Deanna Seay and Didier Bramaz in Sonatine. Choreography by George Balanchine. © The George Balanchine Trust. Photo by Joe Gato.

From the Studio to The Neighborhood Ballroom

Post by Principal Dancer Deanna Seay

Ah…full-length story ballets. Often beautiful, always entertaining, audiences love to watch a story unfold onstage during an evening. Someone is always dancing, whether the corps de ballet or the principals, and the corresponding narrative seems to help the audience understand the dancing language. One of the six full-length works in our repertoire, The Neighborhood Ballroom is unique in its focus on several different time periods (the Belle Epoque, Jazz Age, 1940s war years, and the 1950s) and the related dance rage of each era). Edward Villella’s tribute to these different eras is a product of his extensive dance knowledge, and it is his vision that is fully realized with this production. His sense of detail brings to life four different acts dance trends, spanning from 1912 to the 50s.

Any full-length narrative work requires a lot of preparation, and The Neighborhood Ballroom is no exception. There are many details that must be polished to allow the story to emerge.

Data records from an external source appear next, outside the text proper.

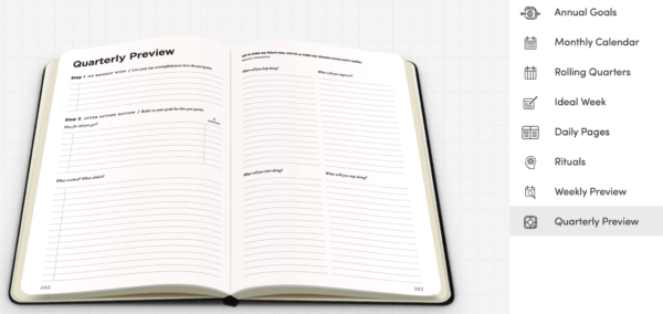 Full Focus is a quarterly planner that is supposed to clear your goals, help you feel less overwhelmed, and help you progress.  It feels and looks like a Moleskin notebook.  And it runs $40 per quarter or $125 per year for the basic planner.
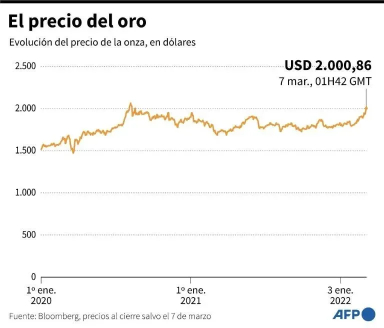Por su parte el oro, un valor refugio en tiempos de incertidumbre, superó brevemente la marca de los 2.000 dólares la onza.
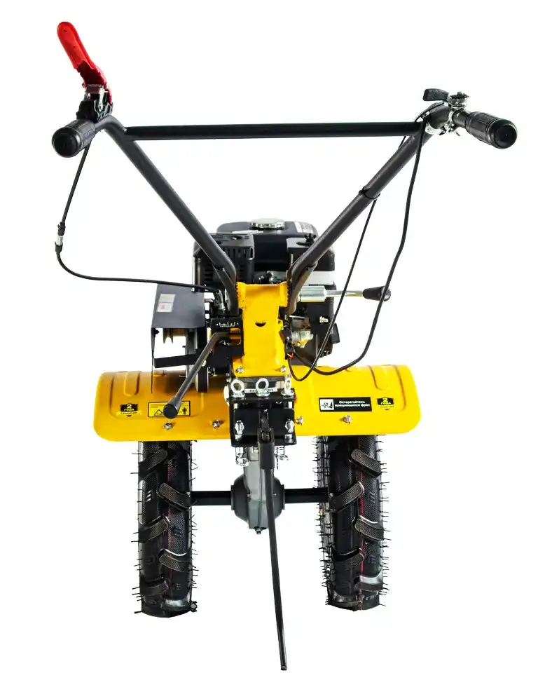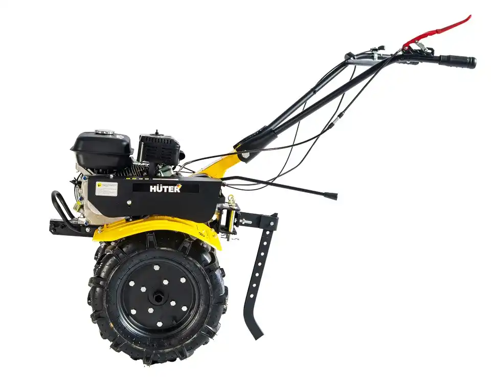 Сельскохозяйственная машина Huter МК-7000P-10-4х2 предназначена для обработки почвы: рыхления, боронования, выравнивания, прополки и других работ на личных приусадебных, огородных и садовых участках. Устройство мотокультиватора Двигатель. На СХМ HUTER применяются бензиновые двигатели внутреннего сгорания. Двигатели снабжаются автоматическими регуляторами частоты вращения, упрощающими работу оператора. Диапазон номинальной мощности линейки наших позволяет выбрать подходящий для любых видов работ. Сцепление и редуктор обеспечивают передачу вращающего момента от двигателя на рабочий вал. Система агрегатирования предназначена для сопряжения мотокультиватора с навесным оборудованием, которое устанавливается на рабочую ось или раму. Система управления. Так как вовремя земляных работ оператор шагает за мотокультиватором, все органы управления должны приводиться в действие только руками оператора. Двигатель Бензиновый, 4-х тактный, одноцилиндровый Мощность, л.с. 7 Скорости 4 вперед / 2 назад Ширина обработки, мм 1000 Диаметр фрез, см 30 Объем топливного бака, л 3.6 Бренд Huter Гарантия, мес. 24 Габариты упаковки мм 640 × 640 × 640 Вес, кг 60 Технические характеристики Мощность определяет производительность культиватора. Чем мощнее двигатель установлен на культиватор, тем более жесткую почву и большую глубину он может обрабатывать. Скорости позволяют выбрать подходящий диапазон для более качественной обработки почвы, а также облегчают извлечение из земли агрегата после окончания работ посредством задней передачи. Ширина обработки зависит от установленных лезвий. Чем больше ширина обработки, тем эффективней работа культиватора. Но бывает необходимо вспахивать узкие полоски земли, для чего лезвия имеют составное устройство, т.е. есть возможность обрабатывать полосы шириной 30 и 50см. Глубина обработки зависит от мощности двигателя и установленных лезвий. Чем больше глубина обработки, тем более качественно и эффективно будет вспахана почва. Объем топливного бака определяет время непрерывной работы культиватора без дозаправки.
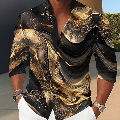 Per uomo Motivo Geometrico Marmo Arte liquida astratta Camicia Camicia con colletto alla coreana Manica Lunga Moda Casual Abbigliamento Quotidiano Ferie Primavera Autunno Collo alla coreana Colletto
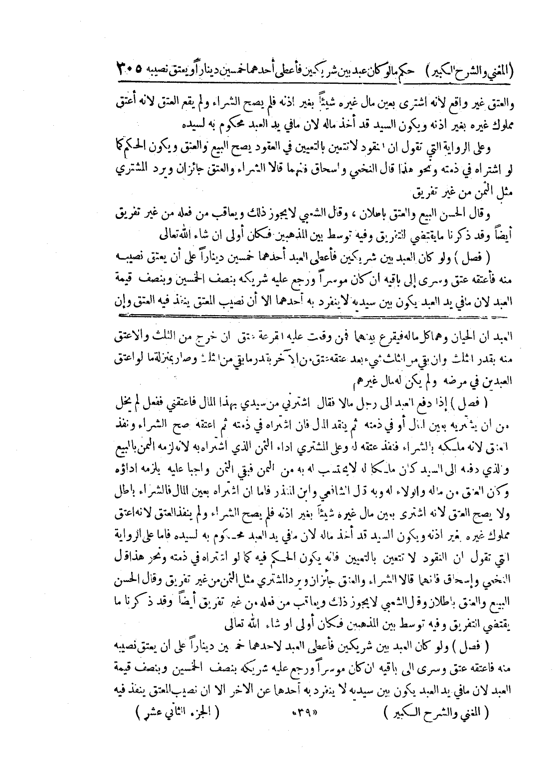 العبد ان الحيان وهما كل ما له فيقرع بينهما فمن وقعت عليه القرعة عتق إن خرج من الثلث وإلا عتق منه بقدر الثلث وإن بقي من الثلث شئ بعد عتقه عتق من الآخر بقدر ما بقي من الثلث وصار بمنزلة ما لو أعتق العبدين في مرضه ولم يكن له مال غيرهم (فصل) إذا دفع العبد إلى رجل مالاً فقال اشترني من سيدي بهذا المال فأعتقني ففعل لم يخل من أن يشتريه بعين المال أو في ذمته ثم ينقد المال فإن اشتراه في ذمته ثم أعتقه صح الشراء ونفذ العتق لأنه ملكه بالشراء فنفذ عتقه له وعلى المشتري أداء الثمن الذي اشتراه به لأنه لزمه الثمن بالبيع والذي دفعه إلى السيد كان ملكاً له لا يحتسب له به من اليمن فبقي الثمن واجباً عليه يلزمه اداؤه وكان العتق من ماله والولاء له وبه قال الشافعي وابن المنذر فأما إن اشتراه بعين المال فالشراء باطل ولا يصح العتق لأنه اشترى بعين مال غيره شيئاً بغير إذنه فلم يصح الشراء ولم ينفذ العتق لأنه اعتق مملوك غيره بغير إذنه ويكون السيد قد أخذ ماله لأن ما في يد العبد محكوم به لسيده فأما على الرواية التي تقول إن النقود لا تتعين بالتعيين فإنه يكون الحكم فيه كما لو اشتراه في ذمته ونحو هذا قال
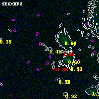 Black segments are analyzed here. Roll mouse over color images to view segments. Best viewed in a wide browser window (1200 pixels or more). Download SED & P(z) plots to view larger versions.
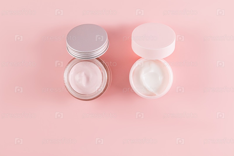 Две косметические баночки с нежным кремом для ухода за молодой кожей на розовом фоне. Открытая банка. Копия помещения. Натуральная косметика. Вид сверху
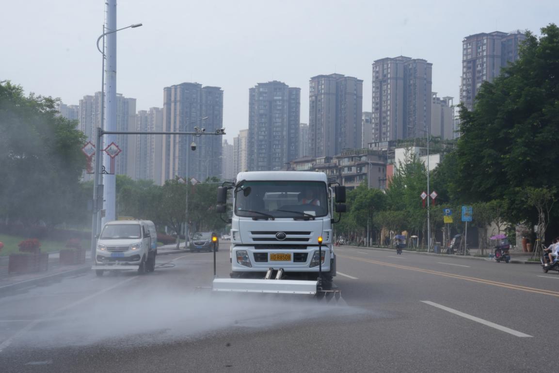 2精细洗尘,全面抑尘。对城区内桥隧护栏、路灯杆、乔灌木枝叶等易积尘设施与绿化进行全覆盖、高频次的专业冲洗与擦拭,着力控制尘源,减少因尘土风化造成的扬尘污染,达到有效抑尘的效果。

Working these things out takes time; long rehearsals with intense focus are required to absorb these details, and while the process is ultimately rewarding, it is also exhausting. Each era must be recreated so as to be able to distinguish one from the other; the restrained behavior during the days of Absinthe and the Boston Waltz differs from the crazy experimentation that occurred during the Jazz era and the Quick-Step. One of the wonderful things about The Neighborhood Ballroom (or just “Ballroom,” as we call it) is that these nuances are achieved through the choreography, with the mood of each period expertly conveyed through its corresponding style.

It would not be possible to perform this work if the dancers in it did not love to dance so much. To begin with, there is so much dancing involved that several dancers are required to appear in all four acts. After many hours of rehearsals learning very detailed, style-specific choreography, watching the company members transform themselves from one period to another is very similar to watching a chameleon change colors – they fit themselves into the style instantly and effortlessly. The principals in each act work out the details of their individual characters, adding further dimension to the wonderfully-inventive pas de deuxs that occur throughout the evening. The technical side of this production is also very complicated; the level of excitement in watching the production crew accomplish the many special effects backstage nearly rivals the excitement of watching the dancers onstage. It never ceases to amaze me how much goes into the ambiance onstage; those beautiful serene moments that people see are the product of much more than meets the eye.

Deanna Seay in The Neighborhood Ballroom. Photo © Joe Gato.